*AIM OF THE EXERCISE:*
Please write out every line of the material, leaving out any picture.

*SOURCE MATERIAL:*

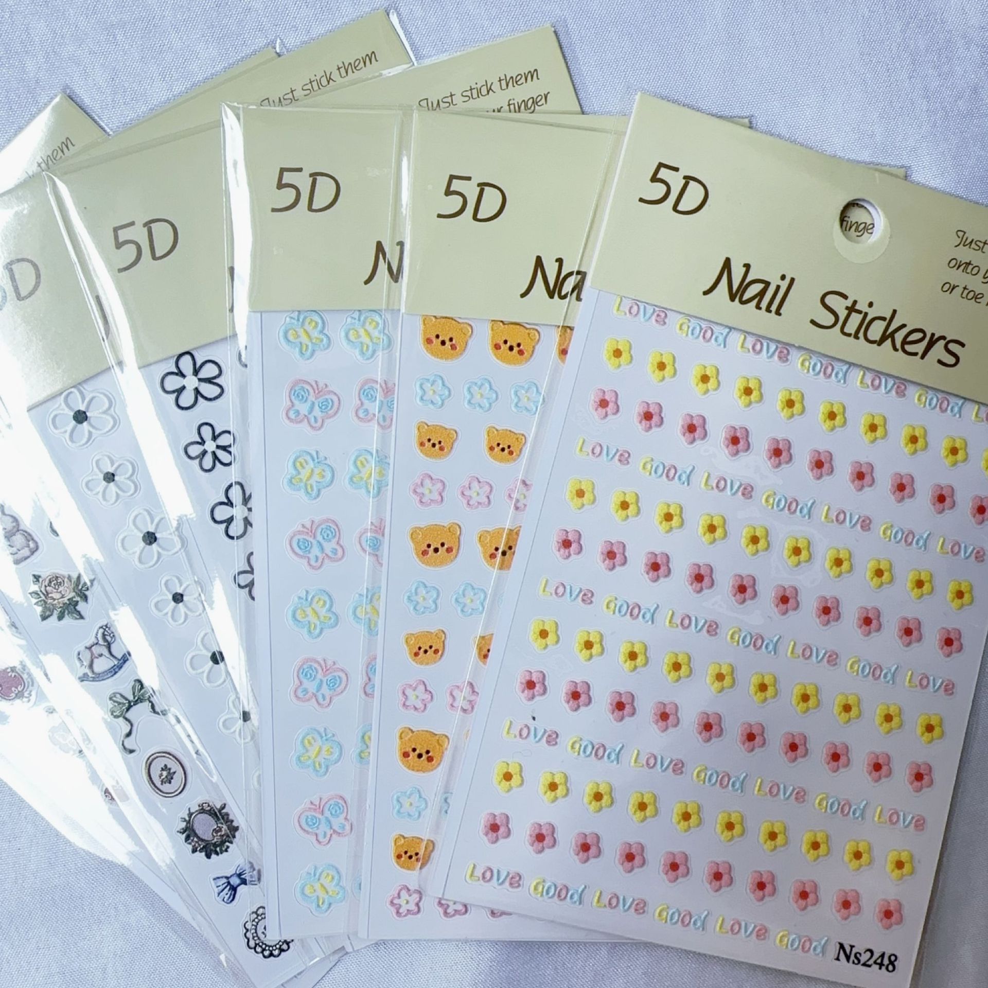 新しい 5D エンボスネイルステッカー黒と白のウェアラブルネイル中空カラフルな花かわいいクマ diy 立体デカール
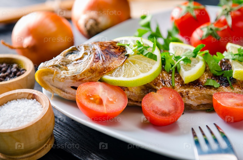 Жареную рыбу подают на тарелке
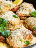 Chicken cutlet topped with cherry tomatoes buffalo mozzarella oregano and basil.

*RESULT:*
 新しい 5D エンボスネイルステッカー黒と白のウェアラブルネイル中空カラフルな花かわいいクマ diy 立体デカール
 Жареную рыбу подают на тарелке
 Chicken cutlet topped with cherry tomatoes buffalo mozzarella oregano and basil.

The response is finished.